··· DATASET EXCERPT ···
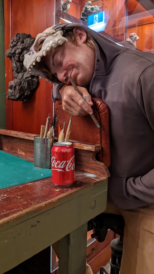 We were told that we were going to be interns of Wētā Workshop and one of the first things we had to do was do a stocktake of boxes in a room. We did this, and then was asked if we could find the hidden door.
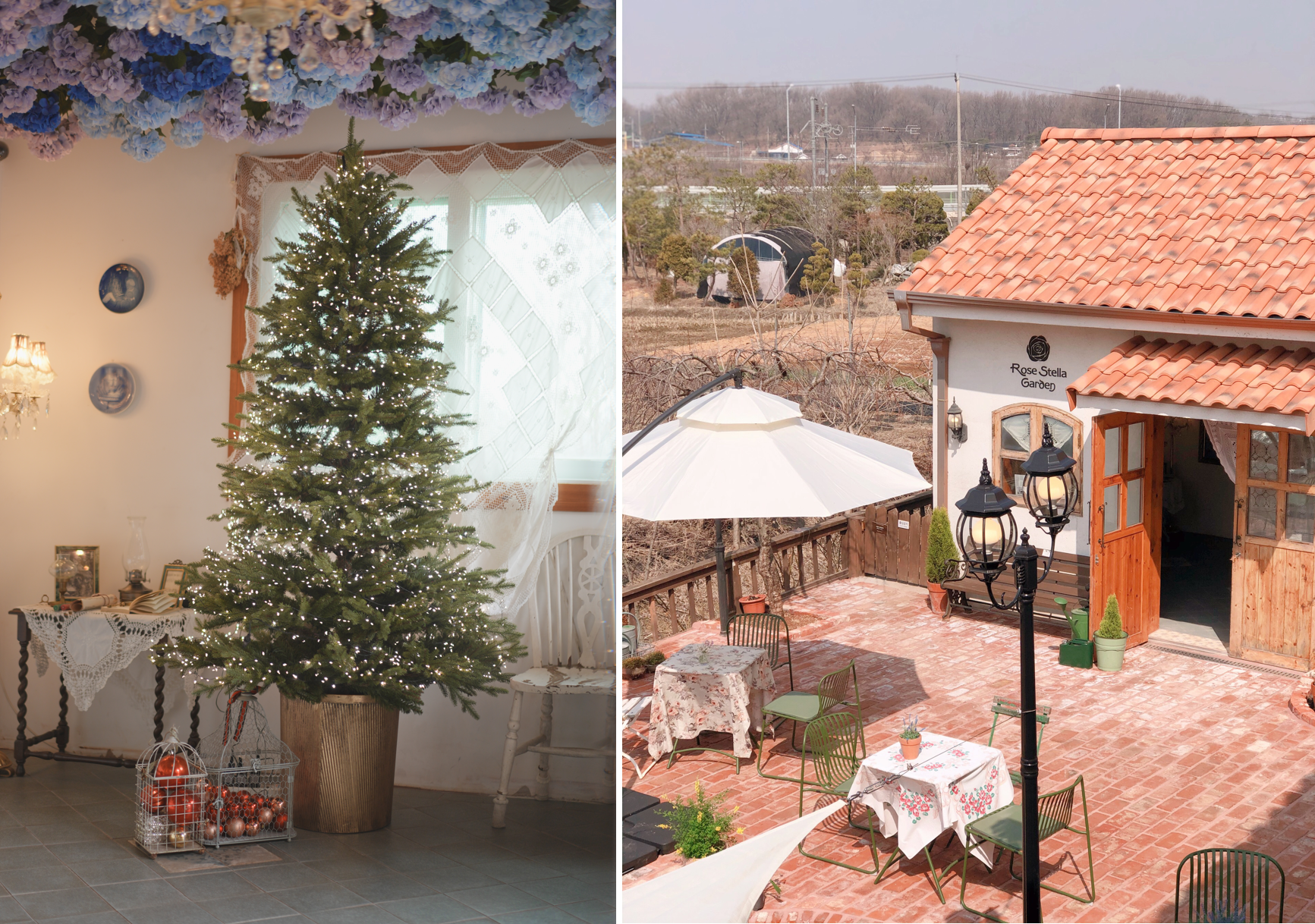 메인 건물은 주택을 개조하였는데 편안함과 동화 속에 온 것 같은 기분을 느낄 수 있습니다. 테이블마다 세팅이 달라 선택의 기쁨이 있습니다. 야외정원은 천연잔디와 벽돌로 바닥을 채워 이국적인 느낌을 살릴 수 있습니다. 정원에도 테이블이 있으니 여유롭게 차를 마실수 있습니다. 실내에는 천장에 수국으로 채워져 있으며 대형 트리가 있습니다. 정원 안쪽에는 유리온실에 소품들과 다양한 수목들이 있습니다.
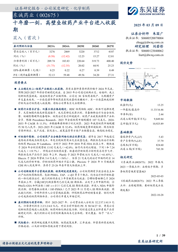 东诚药业凭借其在核药领域的前瞻性布局和持续投入,已成功构建起高壁垒、全链条的核药产业平台。在肝素原料药业务企稳回升的基础上,公司创新核药管线正逐步进入收获期,尤其在PSMA和FAP靶点诊疗一体化核药的研发进度上具备全球领先优势。同时,公司完善的核药房网络、专业的CRDMO服务以及对阿尔茨海默病前沿诊断技术的参股,进一步巩固了其在核药行业的竞争地位。面对全球及中国核药市场的快速增长和政策支持,东诚药业有望凭借其强大的创新能力和网络化供应优势,实现业绩的显著增长和市场空间的持续拓展。首次覆盖给予“买入”评级,反映了市场对其创新属性和未来增长潜力的认可。
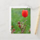 Acorn elf como jardinero tulipán - postal de primavera floral - postal graciosa posttravesía
···
Copy out every line of the material above exactly, skipping the pictures.

 We were told that we were going to be interns of Wētā Workshop and one of the first things we had to do was do a stocktake of boxes in a room. We did this, and then was asked if we could find the hidden door.
 메인 건물은 주택을 개조하였는데 편안함과 동화 속에 온 것 같은 기분을 느낄 수 있습니다. 테이블마다 세팅이 달라 선택의 기쁨이 있습니다. 야외정원은 천연잔디와 벽돌로 바닥을 채워 이국적인 느낌을 살릴 수 있습니다. 정원에도 테이블이 있으니 여유롭게 차를 마실수 있습니다. 실내에는 천장에 수국으로 채워져 있으며 대형 트리가 있습니다. 정원 안쪽에는 유리온실에 소품들과 다양한 수목들이 있습니다.
 东诚药业凭借其在核药领域的前瞻性布局和持续投入,已成功构建起高壁垒、全链条的核药产业平台。在肝素原料药业务企稳回升的基础上,公司创新核药管线正逐步进入收获期,尤其在PSMA和FAP靶点诊疗一体化核药的研发进度上具备全球领先优势。同时,公司完善的核药房网络、专业的CRDMO服务以及对阿尔茨海默病前沿诊断技术的参股,进一步巩固了其在核药行业的竞争地位。面对全球及中国核药市场的快速增长和政策支持,东诚药业有望凭借其强大的创新能力和网络化供应优势,实现业绩的显著增长和市场空间的持续拓展。首次覆盖给予“买入”评级,反映了市场对其创新属性和未来增长潜力的认可。
 Acorn elf como jardinero tulipán - postal de primavera floral - postal graciosa posttravesía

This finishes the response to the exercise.